YOUR OBJECTIVE: Read the listing and extract each line that includes the word "Hamlet".
#####
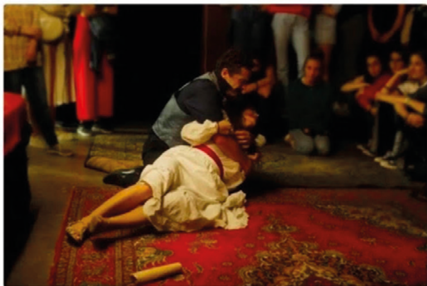
« Helsingør, château d'Hamlet », une version au plus près du public qui fait mouche. À voir au château de Vincennes.

"Les Démons", "Helsingør, château d'Hamlet", "Monsieur Motobécane"... Découvrez les meilleures pièces qui jouent ce mois-ci à Paris, et ce que "Télérama" en a pensé.
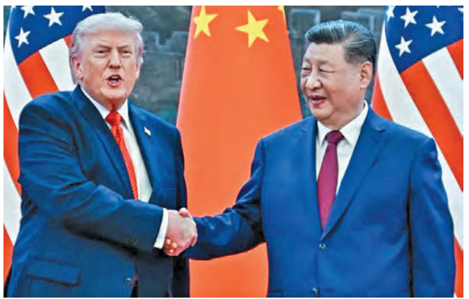
గురువారం జిఎంఓలో చైనా అధ్యక్షుడు జిన్ పింగ్ తో భేటీ అయిన డోనాల్డ్ ట్రంప్

అయితే, ముంబై ప్రభావిత ప్రాంతాలైన హిమా చల్ ప్రదేశ్, జమ్మూ కశ్మీర్, లద్దాఖ్ ప్రాంతాల్లో వాతావరణాన్ని దృష్టిలో ఉంచుకుని ఎన్ఎఆర్ పెడవ్యాప్తం తర్వాత ప్రకటిస్తామని పేర్కొంది. ఎన్ఎఆర్ మూడో దశలో భాగంగా 3.94 లక్షల మందికి పైగా బాత్ స్నాయి అధికారులు (ఓఎంఓ) ఇంటింటికీ వెళ్లి దాదాపు 36.73 కోట్ల మంది ఓటర్ల వివరాలను పరిశీలించనున్నారు. వీరికి రాజకీయ పార్టీలు నియమించిన 3.42 లక్షల బాత్ లెవల్ ఏజెంట్లు (ఓఎంఓ) సహాయం చేసే న్నారు. అయితే, ఓటర్ల జాబితా సవరణ ప్రక్రియ ఓటర్లకు తెలియజేయాలి. ఓటర్లకు తెలియ పార్టీలు ప్రతి పోలింగ్ బూత్ కు తప్పని >>2
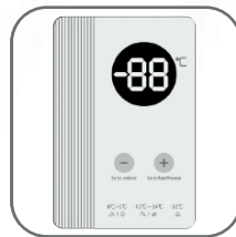
Termostato exterior digital
#####
YOUR SOLUTION:
« Helsingør, château d'Hamlet », une version au plus près du public qui fait mouche. À voir au château de Vincennes.
"Les Démons", "Helsingør, château d'Hamlet", "Monsieur Motobécane"... Découvrez les meilleures pièces qui jouent ce mois-ci à Paris, et ce que "Télérama" en a pensé.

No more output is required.